Atlas of Transcription Factor Binding Sites from ENCODE DNase Hypersensitivity Data across 27 Tissue Types
Cory C. Funk, Alex M. Casella, Segun Jung, Matthew A. Richards, Álex Rodríguez, Paul Shannon, Rory Donovan-Maiye, Ben Heavner, Kyle Chard, Yukai Xiao, Gustavo Glusman, Nilüfer Ertekin‐Taner, Todd E. Golde, Arthur W. Toga, Leroy Hood, John D. Van Horn, Carl Kesselman, Ian Foster, Ravi Madduri, Nathan D. Price, Seth A. Ament
Abstract
Characterizing the tissue-specific binding sites of transcription factors (TFs) is essential to reconstruct gene regulatory networks and predict functions for non-coding genetic variation. DNase-seq footprinting enables the prediction of genome-wide binding sites for hundreds of TFs simultaneously.

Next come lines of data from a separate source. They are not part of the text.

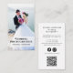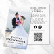 Haga una impresión duradera con esta moderna tarjeta de visita para bodas y otros fotógrafos profesionales, que incluye una foto de su portafolio con su nombre y título en una mezcla de tipografía audaz simple y contemporánea. En la parte posterior, agregue sus datos de contacto y el nombre de usuario de los medios sociales, y escriba una dirección url para crear un código QR que los clientes puedan explorar para conectarse a su sitio web, portafolio, perfil de medios sociales o cualquier otra plataforma que muestre su trabajo.
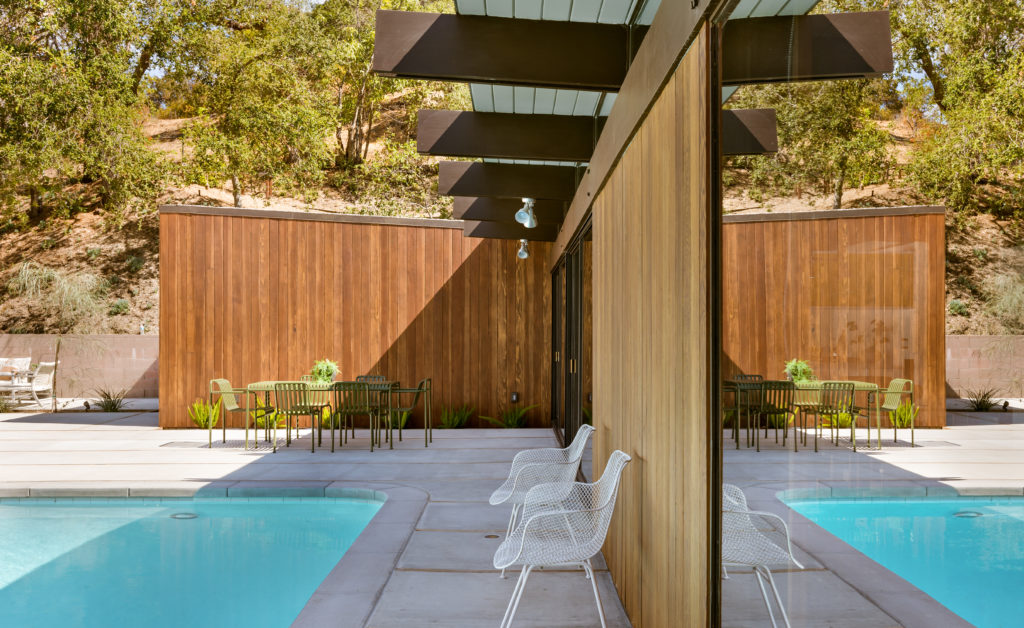 In classic Mid-Century style, it presents a minimalist street front, not unlike an isometric drawing, and opening up in the back to the view beyond the pool and patio.
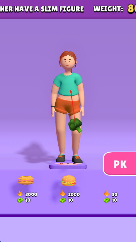 1、人物站在秤上,下方有不同食物,点击西兰花等健康食物,拖拽给人物吃,可降低体重,选汉堡等,会增加体重,按需投喂调整身材。
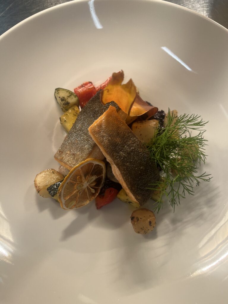 - Präsentation: Makrele schräg auf Gemüse, Sauce punktuell
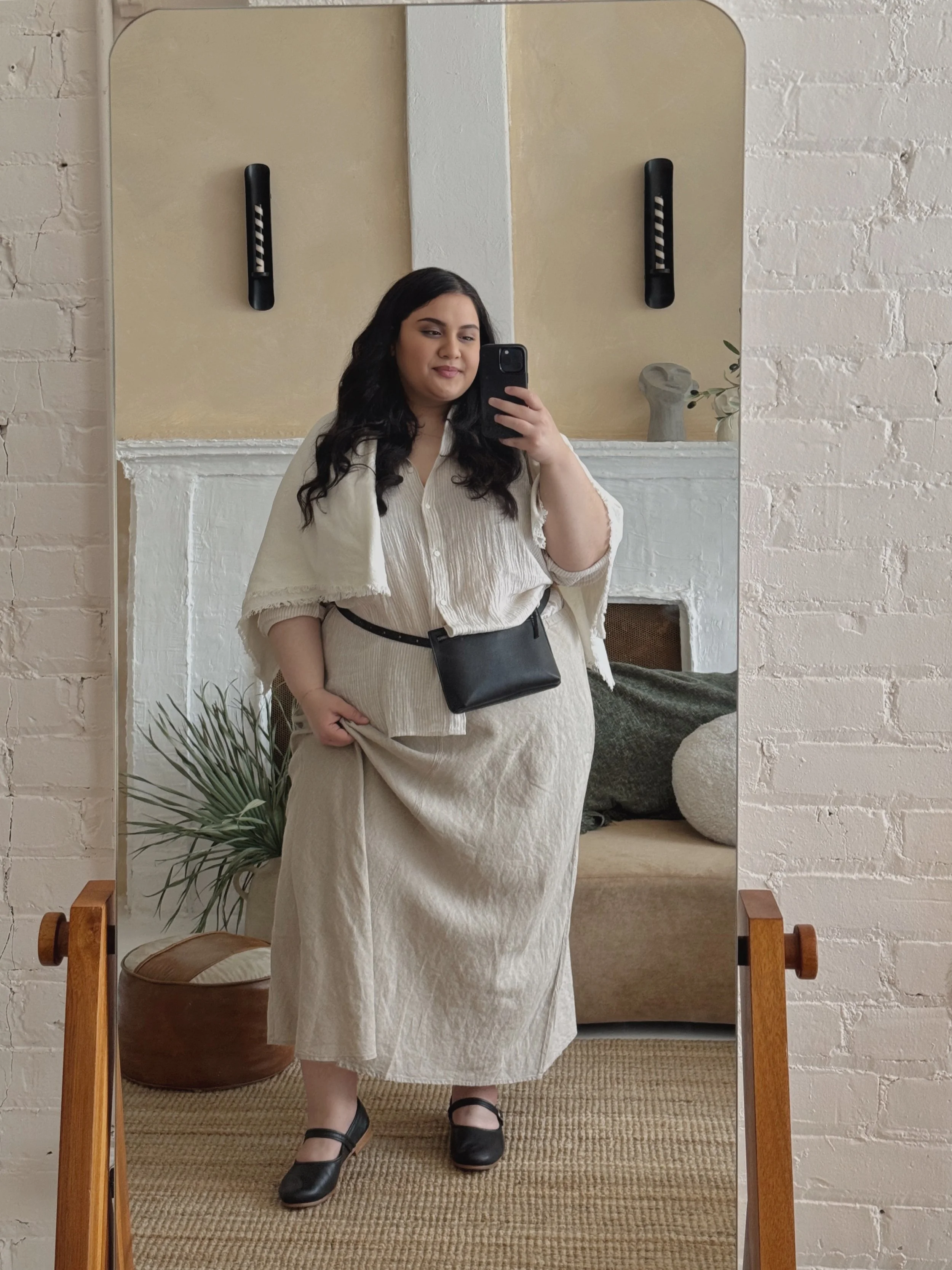 And as unglamorous as it sounds, I am also curious about Old Navy’s fall collection. I know fast fashion comes with many complex problems, and I am always the first to say that we should be thoughtful in how we buy. I am a firm believer in choosing two or three key pieces each season instead of leaning into haul culture, which I do think is the biggest problem on an individualistic level. The reality is that when so many brands stop at XXL, it is refreshing to see Old Navy still offering up to 4X in every single piece (let’s just get that full size range back in store, please!). I do appreciate them for that. One of their linen tops was my go-to all summer, worn on repeat, so I am hopeful they will bring that same ease and accessibility into their fall lineup. I’d love to see some fun pleated skirts from them for fall. Pleated items usually have to be made with a synthetic fibre (or a blend). So, if I am going to purchase something synthetic from a fast fashion brand, I would like it to have some kind of reason or purpose (if that makes sense).
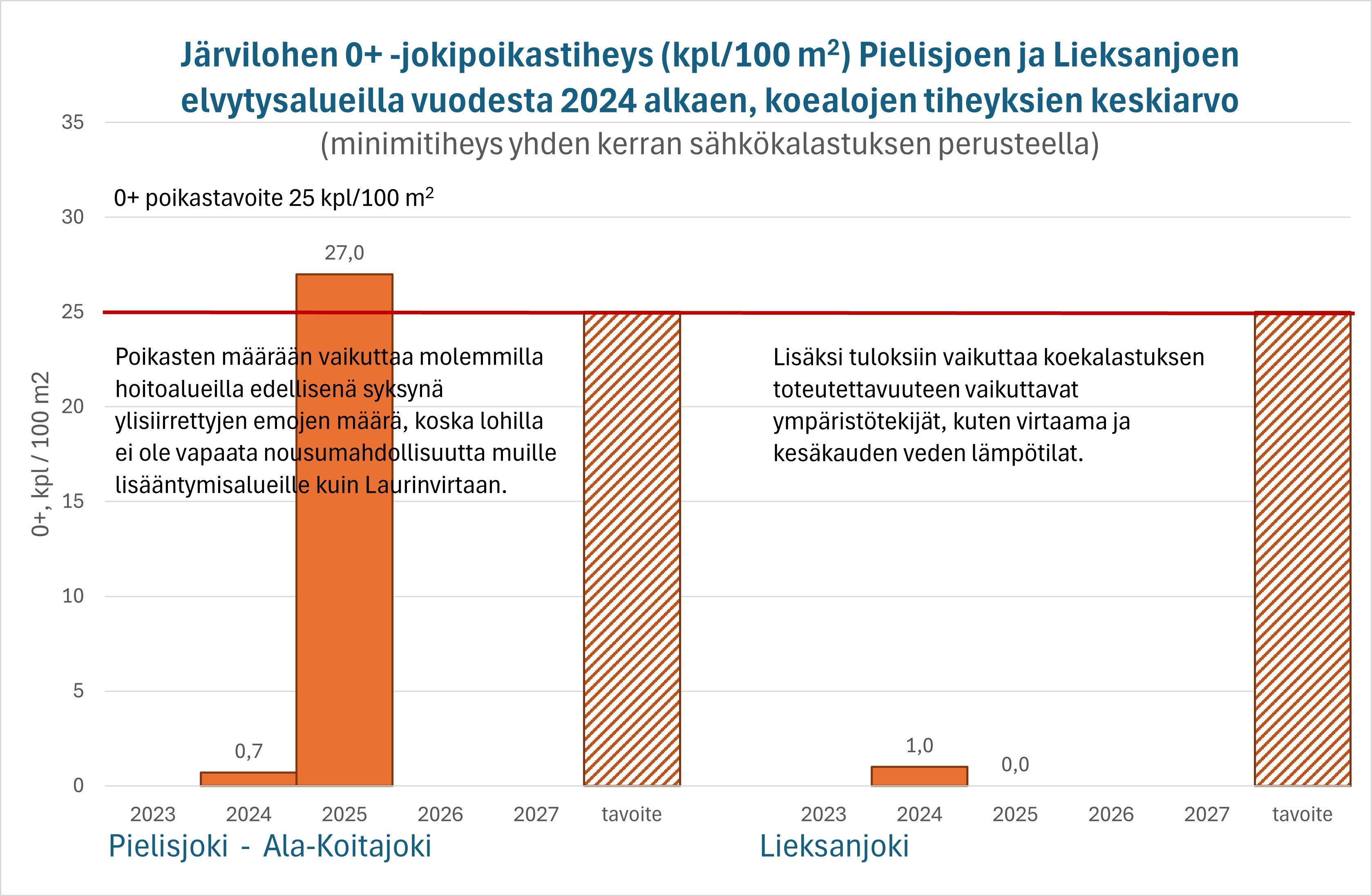 Järvilohen 0+ -jokipoikastiheys (kpl / 100 m2) Pielisjoen ja Lieksanjoen elvytysalueilla vuodesta 2024 alkaen, koealojen tiheyksien keskiarvo
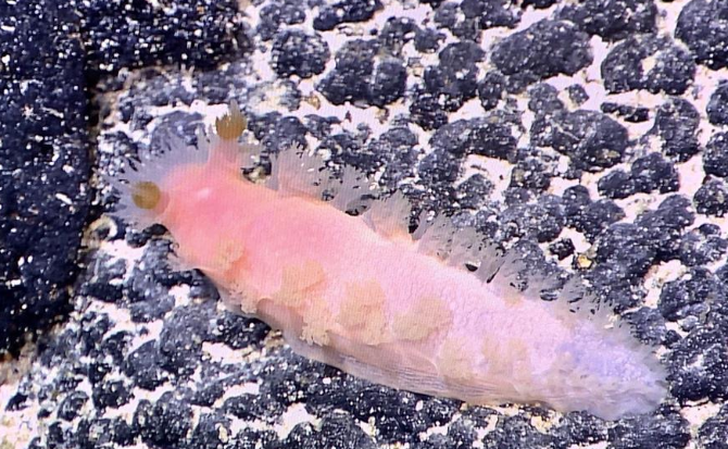 “发现”号遥控无人潜水器在海山拍摄到的海兔(5月27日摄)。新华社发
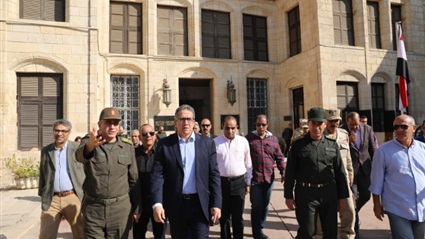 استهل وزير الآثار جولته بالمتحف الحربي حيث اطلع من اللواء اركان حرب عماد جاد مدير ادارة المتاحف العسكرية علي عرض لتصور مشروع تطوير المتحف والمنطقة المحيطة به وكيفية تحويل المناطق المفتوحة بها الي مزار سياحي به خدمات ومتنزهات للزائرين.
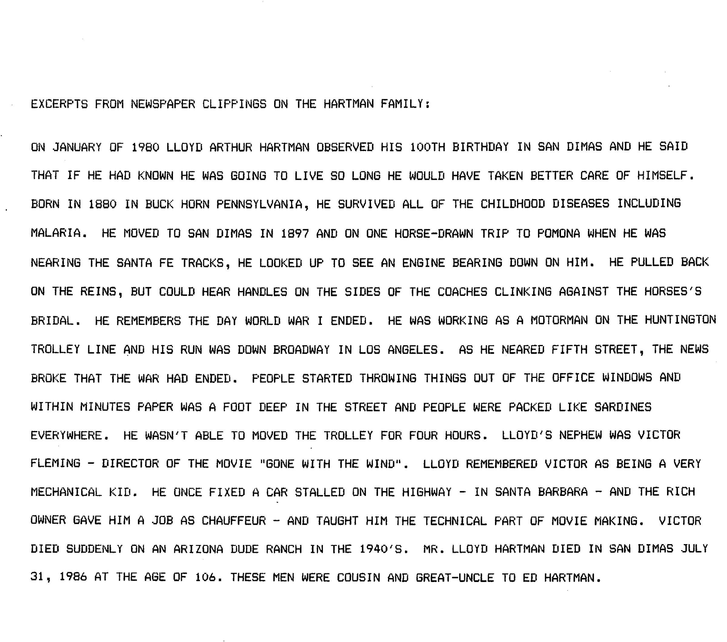 Excerpts from newspaper clippings on the Hartman family, no date (see ScanSnap file 2019_05_21_13_30_24)
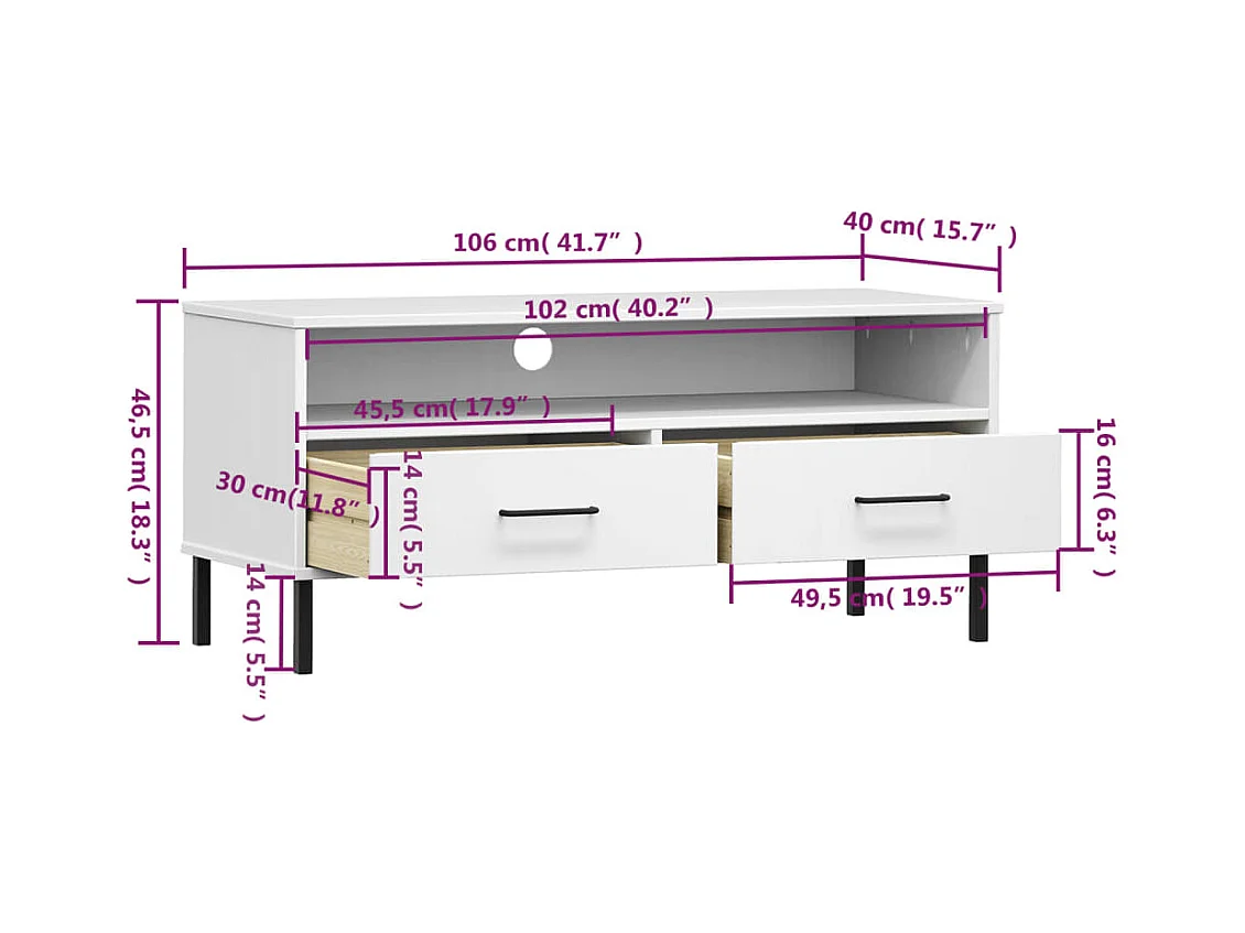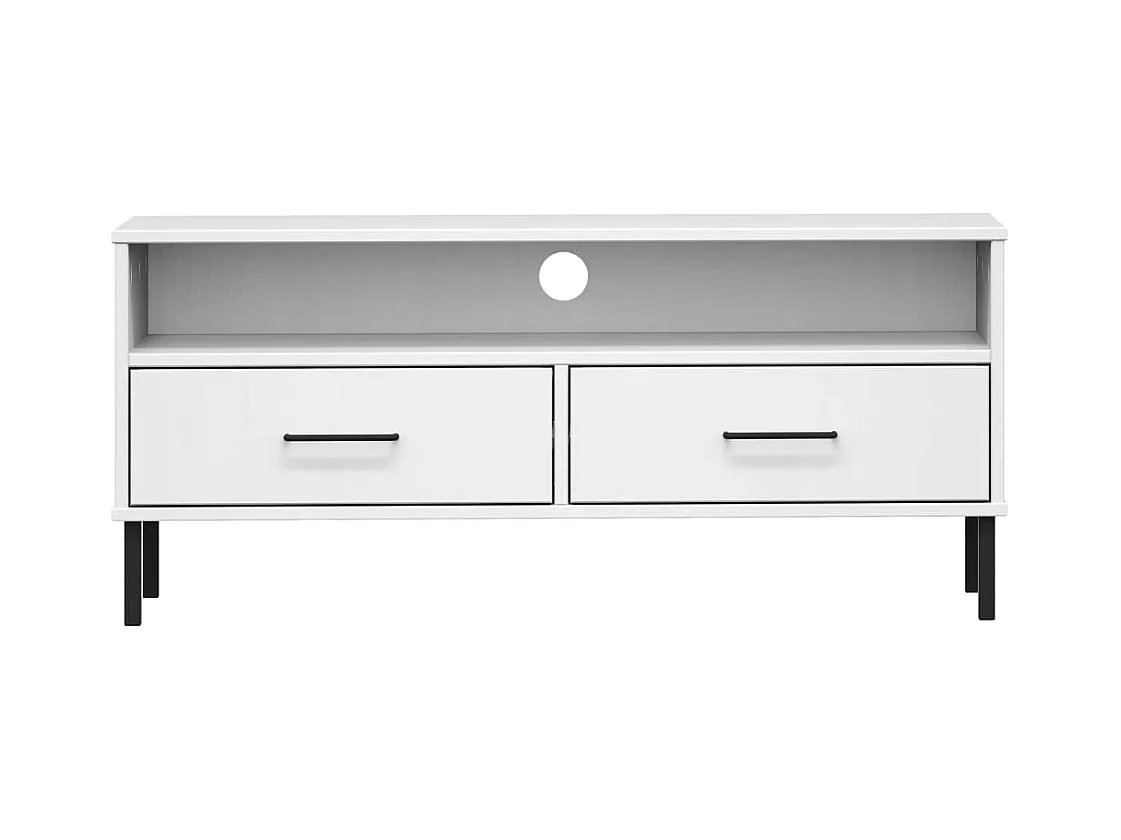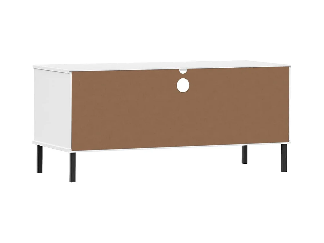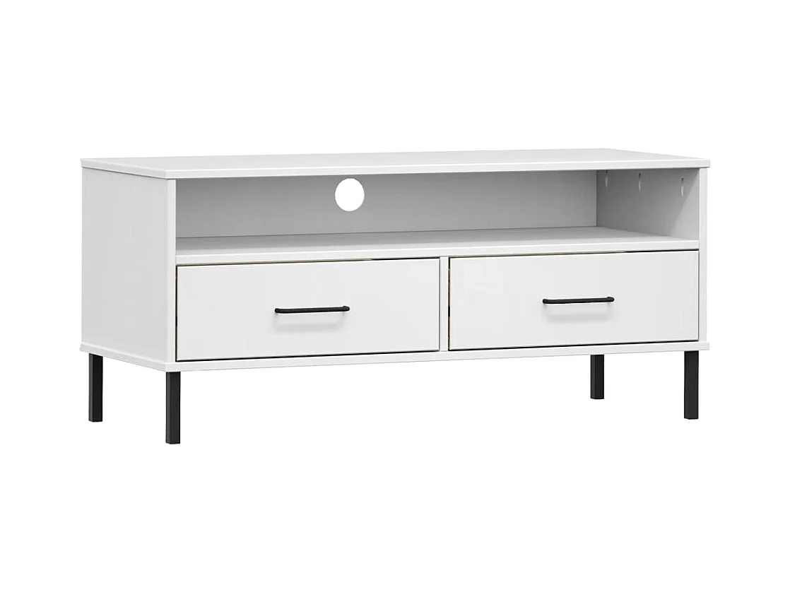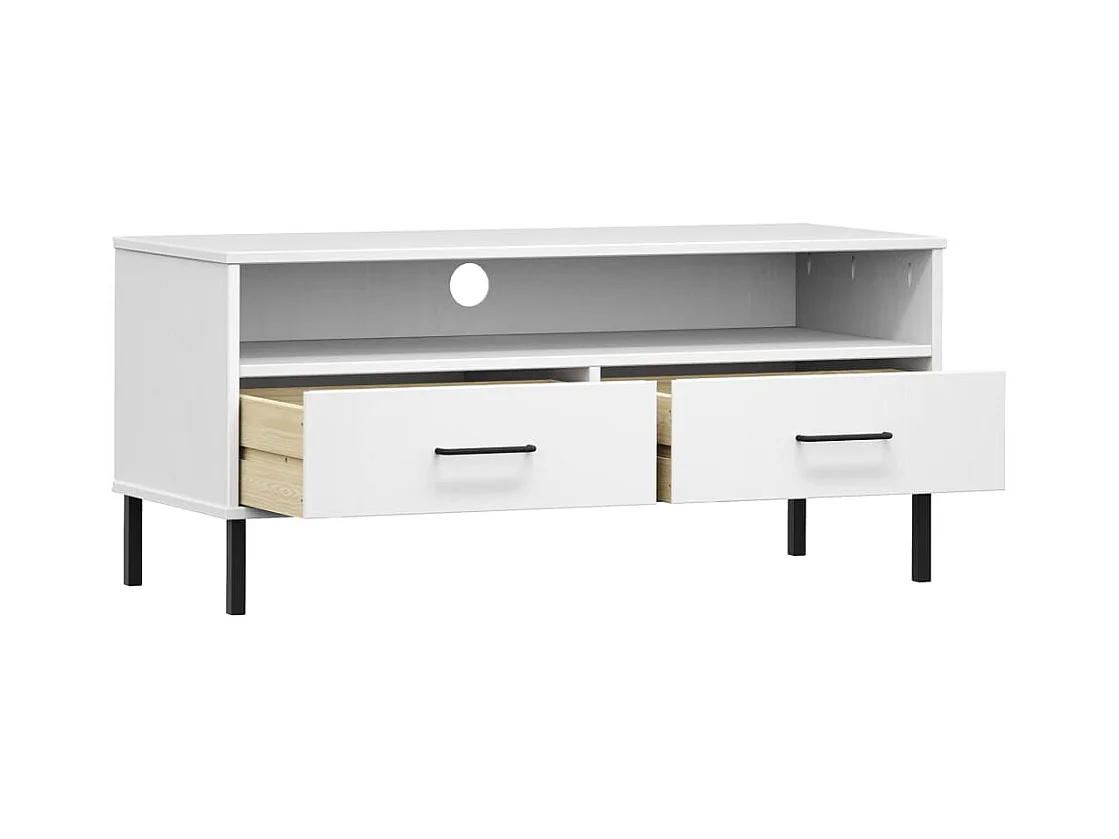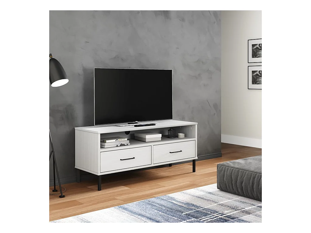 Meuble TV avec pieds en métal Blanc Bois de pin massif OSLO
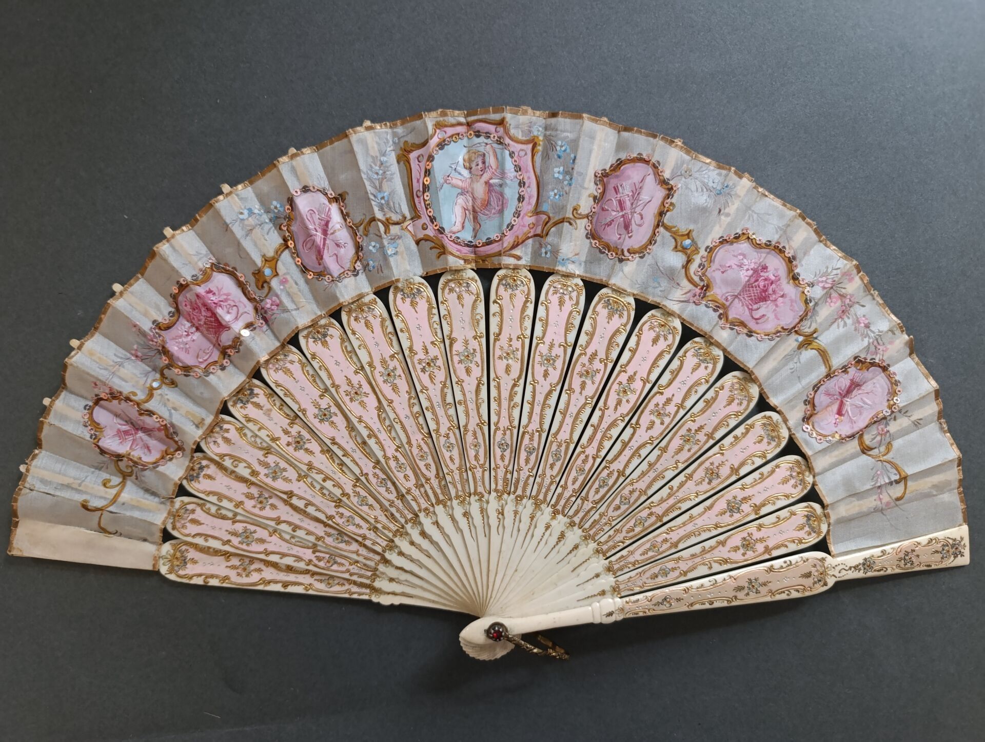 Folded fan for a little girl, the silk sheet is mounted in the English style and painted with six labels on the theme of Love.
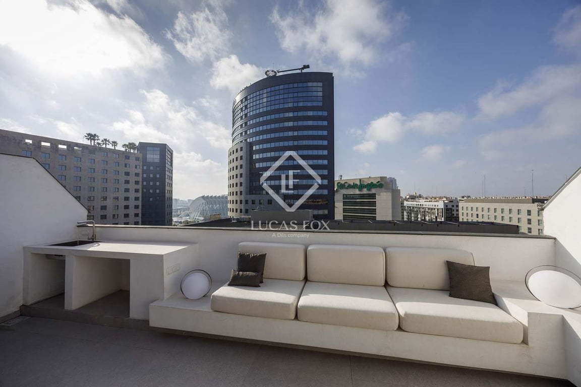 Lucas Fox presents this sophisticatedly renovation penthouse in the City of Sciences, one of the most coveted areas of Valencia. The property is spread over two floors with elevator access to both. On the ground floor, there is a living room and a high-quality kitchen with an island, which can be separated if desired, and a comfortable balcony. There is also a bedroom and a full bathroom . Upstairs, there are two double bedrooms, one with a private bathroom, as well as a second full bathroom...
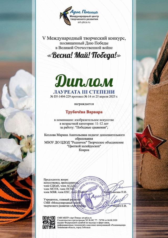 Трубачёву Варвару- Лауреата 3 степени Международного творческого конкурса "Весна! Май! Победа!"

Despite the public availability of high-quality DNase-seq data from hundreds of samples, a comprehensive, up-to-date resource for the locations of genomic footprints is lacking. Here, we develop a scalable footprinting workflow using two state-of-the-art algorithms: Wellington and HINT. We apply our workflow to detect footprints in 192 ENCODE DNase-seq experiments and predict the genomic occupancy of 1,515 human TFs in 27 human tissues. We validate that these footprints overlap true-positive TF binding sites from ChIP-seq. We demonstrate that the locations, depth, and tissue specificity of footprints predict effects of genetic variants on gene expression and capture a substantial proportion of genetic risk for complex traits.